Colorful eggs, hopping bunnies, are nice,
even fun, but a man rising alive from a tomb of the dead—
now that’s worth the world, which is what
God intended to say: I want all to live full
of joy and love and peace, to trust divine
power more than any other, to know that I,
God, am always here, at the ready, present for
all life which comes from me eternally.

III.
That is why the empty tomb is such a potent marker,
even as it is not an easy marketing symbol any more than
the stone rolled away. But when Mary and the others
arrived they were not seeking the cross. They were
coming to care for the dead body of their Lord.
That they did not find it, that in one account Mary
found him and talked to him, that is the news,
that is the miracle, that is the sign of the victory
over death-dealing injustice and hate that affects
and infests us all to this day.

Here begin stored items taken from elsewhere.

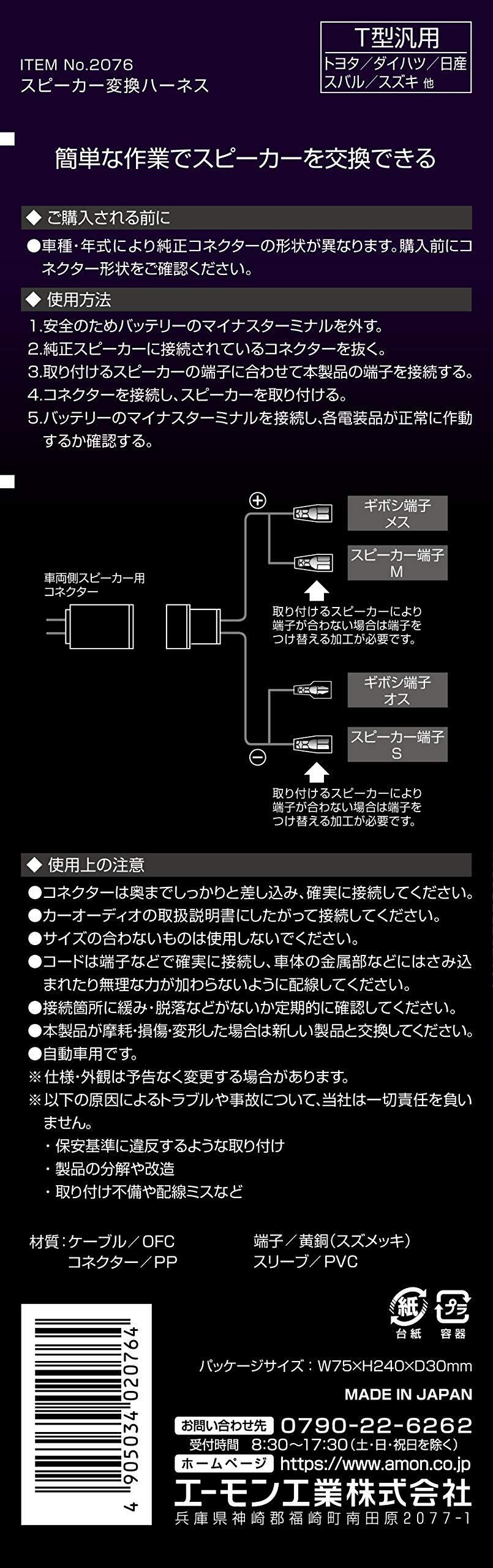 エーモン(amon) AODEA(オーディア) スピーカー変換ハーネス T型汎用 スピーカーの交換時に 2076
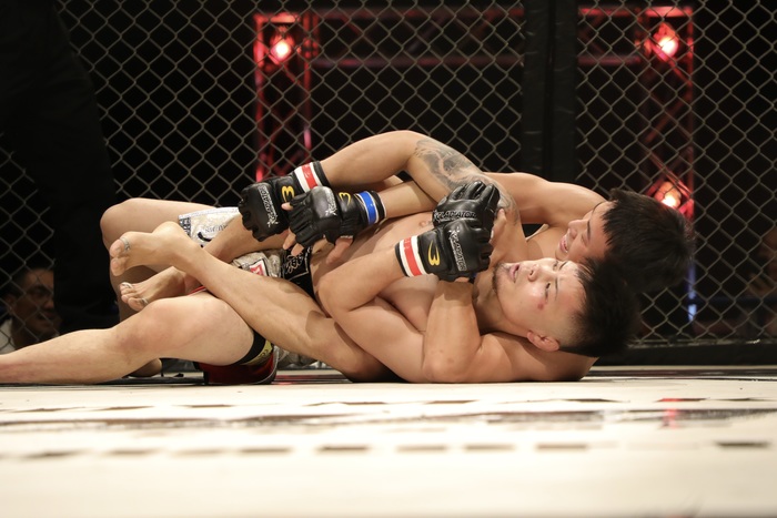 試合はスプリット判定で岩崎が勝利。※組みでコントロールするパクだが、岩崎が打撃を効かせて接戦を制し、5勝0敗に。試合後、あらためて今回試合が流れた久保健太との対戦をアピールした。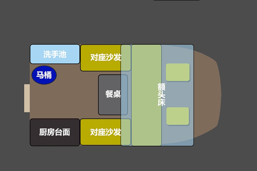 生活区内部由额头床、对向卡座、厨卫区组成,内部只能在驻车休息时使用,行驶中不能载客。内部整体风格清新宜家,针对整体布局来说更适合2人左右的旅居需求。

We can’t get to the
empty tomb without the cross, but what truly is
the mark of God’s reign in this world—a bloodied
man-made tree erected by an ugly regime based on the
fear and anger of otherwise good, faithful people, or
the fact that ultimately none of us need be
governed by such ugliness and fear and anger?

IV.
We crucify people all the time, on the streets,
In jails, subway stations, public markets, as lethally—
though sometimes with less agony—and legally as was
done by Pilate and his minions, when what we need
is resurrection, new life, a raising, rising, of walking dead
to live not as the world makes it happen but full,
vibrant, vital human beings striding forth Lazarus-like from
tombs, theirs and ours, to claim divine birthright
belonging to all. God is ready to empty our tombs.

V.
What are we waiting for?

@Robin Gorsline 2016 lectionarypoetics.org
Please use the credit line above when publishing this poem in any form
writing+poetryAbout this poem . . .I have long strained against using the cross as the universal symbol of Christian faith and life, because it is the mark of neither. It is the sign of evil and ugliness, of human fear gone amok,  unchecked by those in authority. Their actions were understandable, so very human, but the result on that hill is not, to me at least, the marker of my faith. My faith lies in the empty tomb, in the natural boulder rolled away that death could emerge and live again. That is Easter faith, the truly good news.